YOLC: You Only Look Clusters for Tiny Object Detection in Aerial Images

Chenguang Liu,Guangshuai Gao,Ziyue Huang,Zhenghui Hu,Qingjie Liu,Yunhong Wang
2024-06-17
Abstract:Detecting objects from aerial images poses significant challenges due to the following factors: 1) Aerial images typically have very large sizes, generally with millions or even hundreds of millions of pixels, while computational resources are limited. 2) Small object size leads to insufficient information for effective detection. 3) Non-uniform object distribution leads to computational resource wastage. To address these issues, we propose YOLC (You Only Look Clusters), an efficient and effective framework that builds on an anchor-free object detector, CenterNet. To overcome the challenges posed by large-scale images and non-uniform object distribution, we introduce a Local Scale Module (LSM) that adaptively searches cluster regions for zooming in for accurate detection. Additionally, we modify the regression loss using Gaussian Wasserstein distance (GWD) to obtain high-quality bounding boxes.
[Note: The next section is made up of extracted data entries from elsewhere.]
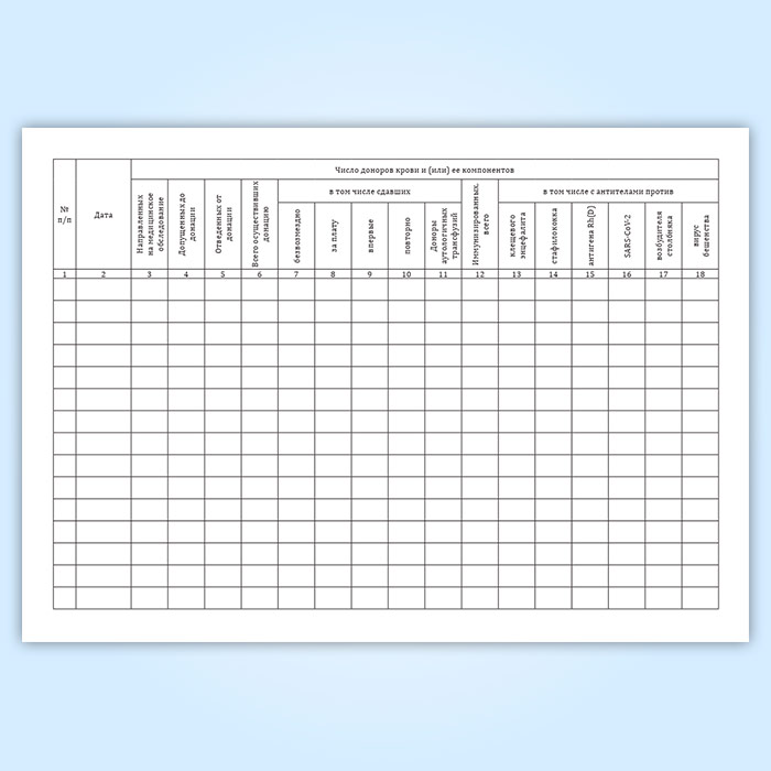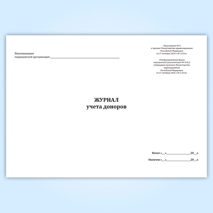 Форма журнала соответствует Приложению 5 к Приказу Минздрава России от 27.10.2020 N 1157н " Об утверждении унифицированных форм медицинской документации, в том числе в форме электронных документов, связанных с донорством крови и (или) ее компонентов и клиническим использованием донорской крови и (или) ее компонентов, и порядков их заполнения" .
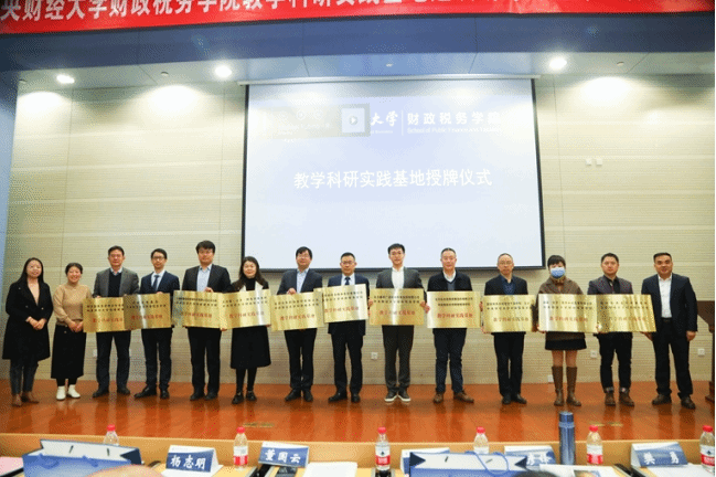 会议举行了教学科研实践基地的授牌仪式。国家税务总局税务干部公司(北京)、上海德勤税务师事务所有限公司北京分所、普华永道会计师事务所、北京华政税务师事务所有限公司、尤尼泰(北京)税务师事务所有限公司、北京鑫税广通税务师事务所有限公司、北京永大税务师事务所有限公司、北京元年科技股份有限公司、国瑞(北京)信息科技发展有限公司、中税咨询集团等作为税务教学科研实践基地代表,北京国融兴华资产评估有限责任公司、北京坤元至诚开元资产评估有限公司、连城资产评估有限公司、天健兴业资产评估有限公司、中和资产评估有限公司、中企华资产评估有限公司、中水致远资产评估有限公司、中通诚资产评估有限公司等作为资产评估教学科研实践基地代表上台接受授牌。
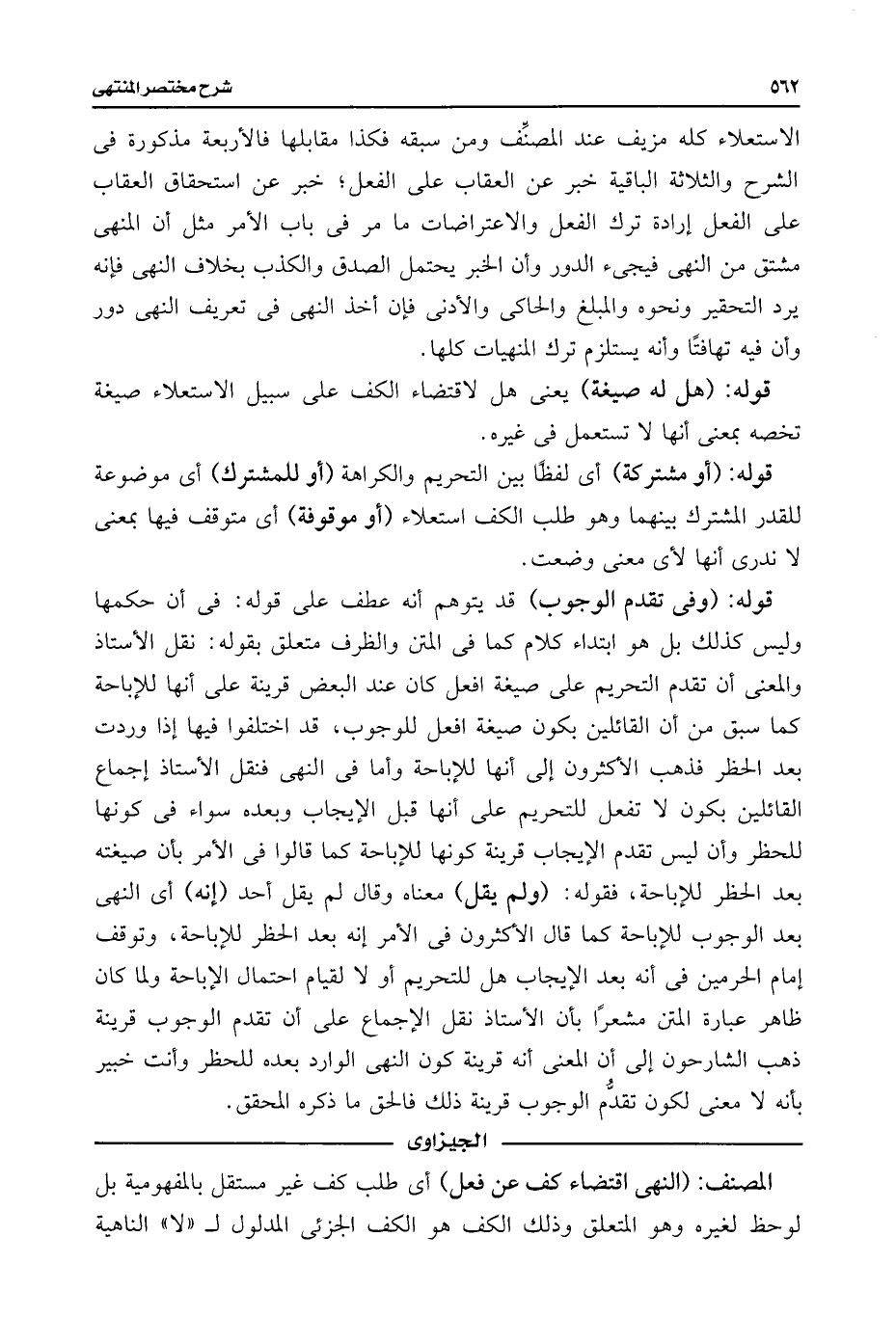 المصنف: (النهى اقتضاء كف عن فعل) أى طلب كف غير مستقل بالمفهومية بل لوحظ لغيره وهو المتعلق وذلك الكف هو الكف الجزئى المدلول لـ"لا" الناهية

Deformable convolution and refinement methods are employed in the detection head to enhance the detection of small objects. We perform extensive experiments on two aerial image datasets, including Visdrone2019 and UAVDT, to demonstrate the effectiveness and superiority of our proposed approach. Code is available at <a class="link-external link-https" href="https://github.com/dawn-ech/YOLC" rel="external noopener nofollow">this https URL</a>.
Computer Vision and Pattern Recognition
What problem does this paper attempt to address?
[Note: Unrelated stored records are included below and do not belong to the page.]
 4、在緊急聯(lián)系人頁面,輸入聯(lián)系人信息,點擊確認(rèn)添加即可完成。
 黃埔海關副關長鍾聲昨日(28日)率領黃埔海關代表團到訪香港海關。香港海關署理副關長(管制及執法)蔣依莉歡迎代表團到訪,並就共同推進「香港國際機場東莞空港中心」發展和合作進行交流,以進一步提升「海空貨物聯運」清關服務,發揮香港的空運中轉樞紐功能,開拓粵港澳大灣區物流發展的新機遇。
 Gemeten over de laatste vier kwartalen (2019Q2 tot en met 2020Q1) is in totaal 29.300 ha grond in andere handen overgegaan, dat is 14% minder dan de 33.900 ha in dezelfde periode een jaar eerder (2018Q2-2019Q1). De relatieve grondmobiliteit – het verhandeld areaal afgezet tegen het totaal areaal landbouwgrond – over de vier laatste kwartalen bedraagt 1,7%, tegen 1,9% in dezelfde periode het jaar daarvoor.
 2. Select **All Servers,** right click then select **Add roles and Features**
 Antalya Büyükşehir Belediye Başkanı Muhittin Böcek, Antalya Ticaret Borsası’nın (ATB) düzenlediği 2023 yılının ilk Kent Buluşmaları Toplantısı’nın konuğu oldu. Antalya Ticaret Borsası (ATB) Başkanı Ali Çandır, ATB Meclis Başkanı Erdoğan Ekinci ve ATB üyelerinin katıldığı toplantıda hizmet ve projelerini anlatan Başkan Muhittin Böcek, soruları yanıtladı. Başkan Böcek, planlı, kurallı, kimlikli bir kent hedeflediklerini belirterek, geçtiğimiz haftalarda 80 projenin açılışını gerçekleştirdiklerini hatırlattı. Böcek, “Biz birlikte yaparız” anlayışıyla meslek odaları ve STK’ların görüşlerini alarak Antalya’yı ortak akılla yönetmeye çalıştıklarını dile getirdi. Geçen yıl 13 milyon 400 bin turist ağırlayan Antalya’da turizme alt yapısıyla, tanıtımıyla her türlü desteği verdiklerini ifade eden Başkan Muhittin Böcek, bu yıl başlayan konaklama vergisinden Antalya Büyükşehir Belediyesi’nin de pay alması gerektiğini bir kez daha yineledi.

### Problems Addressed by the Paper The paper primarily addresses the issue of small object detection in aerial images and proposes an efficient and effective framework called YOLC (You Only Look Clusters). Specifically, the paper aims to solve the following key problems: 1. **Large-scale Image Processing**: - Aerial images are usually very large in size (millions or even tens of millions of pixels), while the computational resources of current devices are limited. - Images need to be resized or divided into smaller chunks for detection. 2. **Insufficient Small Object Detection**: - Small objects occupy a large proportion of the image, but due to limitations in resolution and visual features, detectors find it difficult to effectively recognize these small objects. - Small objects are typically defined as those with an area smaller than 32×32 pixels. 3. **Non-uniform Distribution**: - Objects in aerial images are unevenly distributed, leading to background areas consuming a lot of computational resources while contributing very little. - Dense regions of objects should receive more attention, while background areas should be ignored. To address these issues, the paper proposes a new framework YOLC based on an anchor-free detector (CenterNet) and introduces a Local Scale Module (LSM) to adaptively search and scale cluster regions, improving detection accuracy and efficiency. Additionally, the paper improves the regression loss function (GWD+L1 loss) and uses deformable convolutions in the detection head to enhance small object detection. Extensive experiments on two public aerial image datasets (Visdrone2019 and UA VDT) demonstrate the effectiveness and superiority of the YOLC method.